There used to be a bug in tensorflow that prevented it from running under winodws, but now there seems to be no problem, the code is as follows
Converted mobilenet_v2 under keras to tflite
from import clear_session import numpy as np import tensorflow as tf clear_session() np.set_printoptions(suppress=True) input_graph_name = "../models/weights.best_mobilenet224.h5" output_graph_name = input_graph_name[:-3] + '.tflite' converter = .from_keras_model_file(model_file=input_graph_name) converter.post_training_quantize = True # There is a problem with this function on windows platform, it doesn't work properly tflite_model = () open(output_graph_name, "wb").write(tflite_model) print ("generate:",output_graph_name)
Additional knowledge:How to convert a Tensorflow model to a TFLite model
Deep learning is growing rapidly and can now be ported to mobile use, TensorFlow launched TensorFlow Lite is a framework technology to apply deep learning to mobile.
Using TensorFlowLite requires a tflite file model which can be converted from a TensorFlow trained model.

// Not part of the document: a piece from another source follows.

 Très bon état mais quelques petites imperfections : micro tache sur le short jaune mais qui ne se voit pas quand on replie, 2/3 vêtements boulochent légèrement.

So first you need to know how to save the trained TensorFlow model.
There are these general forms of preservation:
1、Checkpoints
2、HDF5
3. SavedModel, etc.
Saving and Reading CheckPoint
When the model training is finished, the weights can be saved in checkpoint format using the following code
model.save_weights('./MyModel',True)
The checkpoints file only holds the trained weights, not the network structure, so it needs to be used in conjunction with a model when doing predictions.
As:
model = keras_segmentation..mobilenet_segnet(n_classes=2, input_height=224, input_width=224)

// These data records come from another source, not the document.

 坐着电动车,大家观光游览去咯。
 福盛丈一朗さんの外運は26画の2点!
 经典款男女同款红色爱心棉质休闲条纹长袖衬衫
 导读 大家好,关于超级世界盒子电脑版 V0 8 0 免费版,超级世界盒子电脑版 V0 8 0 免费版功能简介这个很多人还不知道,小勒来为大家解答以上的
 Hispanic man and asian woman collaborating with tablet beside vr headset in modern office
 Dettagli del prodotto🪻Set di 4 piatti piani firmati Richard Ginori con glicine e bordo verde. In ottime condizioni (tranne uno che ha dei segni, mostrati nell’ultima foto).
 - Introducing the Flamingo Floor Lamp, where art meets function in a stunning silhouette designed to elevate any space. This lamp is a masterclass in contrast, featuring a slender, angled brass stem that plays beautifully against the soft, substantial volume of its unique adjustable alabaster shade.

model.load_weights('./MyModel')
Save as H5
Saving the trained network as an h5 file is simple
('MyModel.h5')
H5 to TFLite
Here are the main points of the article
I'm used to using H5 files converted to tflite files
The official website code looks like this
converter = .from_keras_model_file('newModel.h5') tflite_model = () open("converted_model.tflite", "wb").write(tflite_model)
But the keras 2.2.4 version I'm using reports the following error, it seems to say that the new version of keras has changed relu6, I can't find a way to do it
ValueError: Unknown activation function:relu6
So you need to define a relu6 yourself
import tensorflow as tf from import backend as K from import CustomObjectScope def relu6(x): return (x, max_value=6) with CustomObjectScope({'relu6': relu6}): converter = .from_keras_model_file('newModel.h5') tflite_model = () open("", "wb").write(tflite_model)
Seeing the generated tflite file indicates that the save was successful
You can also see the inputs and outputs of the tflite network this way
import numpy as np import tensorflow as tf # Load TFLite model and allocate tensors. interpreter = (model_path="") interpreter.allocate_tensors() # Get input and output tensors. input_details = interpreter.get_input_details() output_details = interpreter.get_output_details() print(input_details) print(output_details)
The following information is output
[{'name': 'input_1', 'index': 115, 'shape': array([ 1, 224, 224, 3]), 'dtype': <class 'numpy.float32'>, 'quantization': (0.0, 0)}]
[{'name': 'activation_1/truediv', 'index': 6, 'shape': array([ 1, 12544, 2]), 'dtype': <class 'numpy.float32'>, 'quantization': (0.0, 0)}]
Each of the two shapes represents the structure of the numpy array of inputs and outputs, and dtype is the datatype
Above this keras .h5 transfer the dynamic end of the .tflite file to achieve the way) is all I have to share with you, I hope to be able to give you a reference, but also hope that you can support me more.